Whatever happened to civil discourse?

ANGER: Better to listen and respond in a civil manner.

I DON’T normally quote favourably from religious publications, but a while back I set aside an unusually intelligent piece written for the Salvation Army’s The War Cry by Rivera Su who called for calm and civil language ahead of the US presidential election.
Sun wrote: “Discourse is the foundation of democracy. The ability to have a respectful and informed conversation about politics – in the post office, our homes, on the media, with friends, family or with total strangers – is essential for a society that prizes the ideals of liberty and freedom.

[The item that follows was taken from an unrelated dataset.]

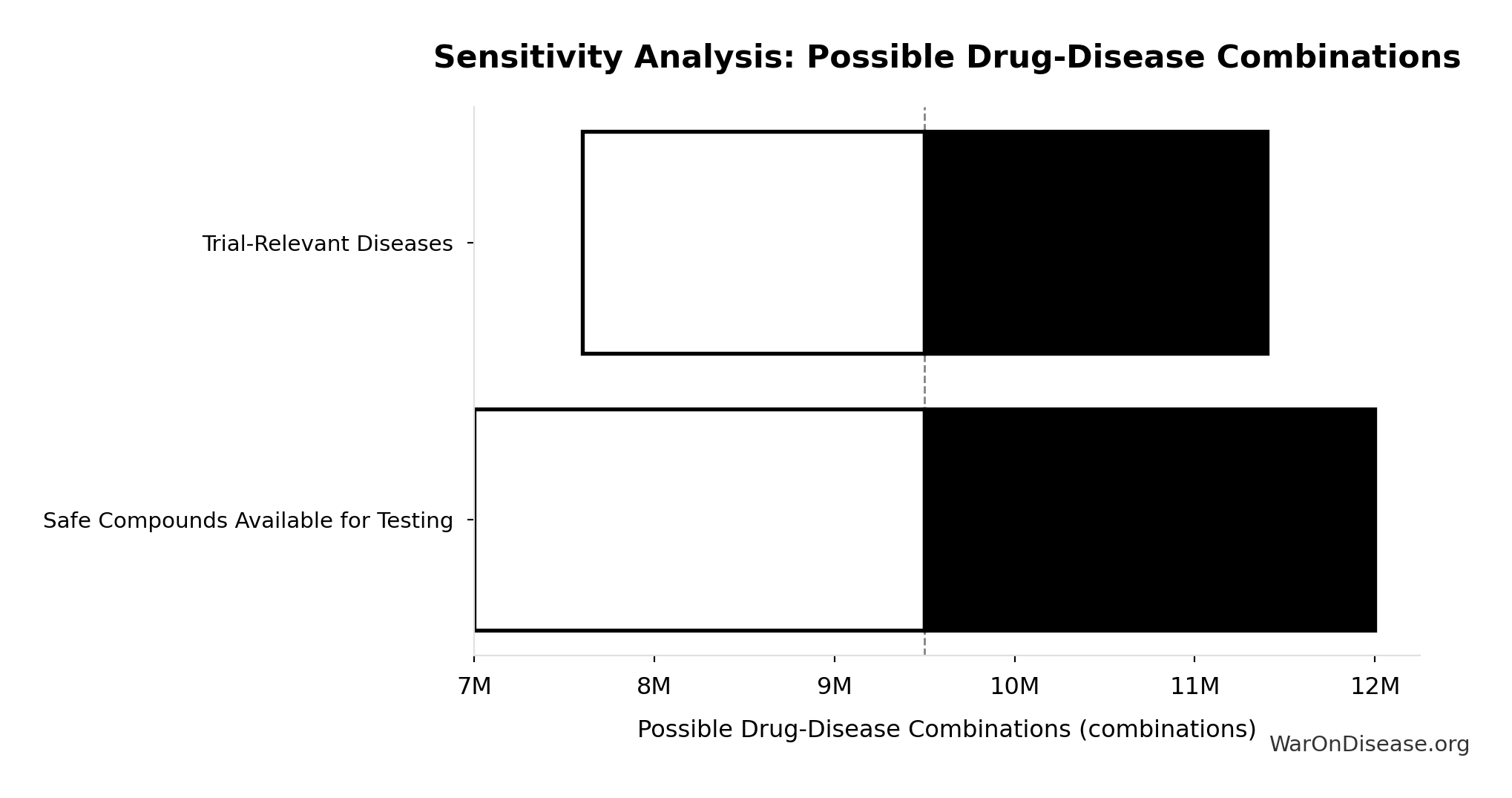 - Safe Compounds Available for Testing: 9.5 thousand compounds (95% CI: 7 thousand compounds - 12 thousand compounds)

“If we are not free to converse without being verbally assaulted, insulted and screamed at, what does that say about the content of our character? Is it really so hard to engage in the practices of being curious about our differences, asking questions, listening and responding in a sane and civil manner?”
Already things were hotting up, with Trump using the most obnoxious rhetoric to attack his opponents. We all see now that a president whose neck size exceeds his IQ has propelled America into a very dark place indeed where a tsunami of intolerance has been unleashed against vast swathes of the population.

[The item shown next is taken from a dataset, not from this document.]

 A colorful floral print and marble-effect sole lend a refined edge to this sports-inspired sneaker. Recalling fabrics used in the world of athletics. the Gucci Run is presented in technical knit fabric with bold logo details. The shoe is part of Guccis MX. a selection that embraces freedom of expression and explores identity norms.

Pipe bombs being sent by one of his more deranged supporters to people like Barack Obama and actor Robert De Niro, the massacre of 11 people in a Pittsburgh synagogue and the gassing of refugees are the latest examples of the lunacy that has overtaken the country.
Meanwhile Brexit has done immense damage to the UK, with discourse on both sides reaching unprecedented levels of hysteria.
I’ve nothing against sarcasm and insults per se but It’s the poor quality of the language used that that irritates me most. Put-downs now being traded are completely lacking in subtlety, with the F-bomb being dropped into every sentence.
Insults, of course, have been bandied about since biblical times. Elijah, for example, told the priests of Baal. “Perhaps your god is sleeping, or maybe he’s off relieving himself somewhere,” he suggested (2 Kings 18:27).
And Shakespeare was renowned for his insults. ‘Thine face is not worth sunburning’, ‘Thou art as fat as butter’ and ‘Thou art unfit for any place but hell.’
Centuries later when boxer Joe Frazier said of Muhammad Ali ‘he’s a phoney, using his blackness to get his way,’ Ali retorted ‘Joe Frazier is so ugly he should donate his face to the US Bureau of Wildlife.’
When Noel Coward told US writer and playwright Edna Ferber that she ‘almost looks like a man,’ she came back with ‘so do you.’
Actress Mae West said of a fella she met that ‘his mother should have thrown him away and kept the stork’; and when a woman said to Winston Churchill ‘You’re drunk. And what’s more you’re disgustingly drunk,’ he replied ‘You’re ugly. And what’s more you’re disgustingly ugly. But in the morning I shall be sober and you’ll still be ugly.’
Oh, for a return to a time when invective was at its most entertaining when people had a better command of the English language.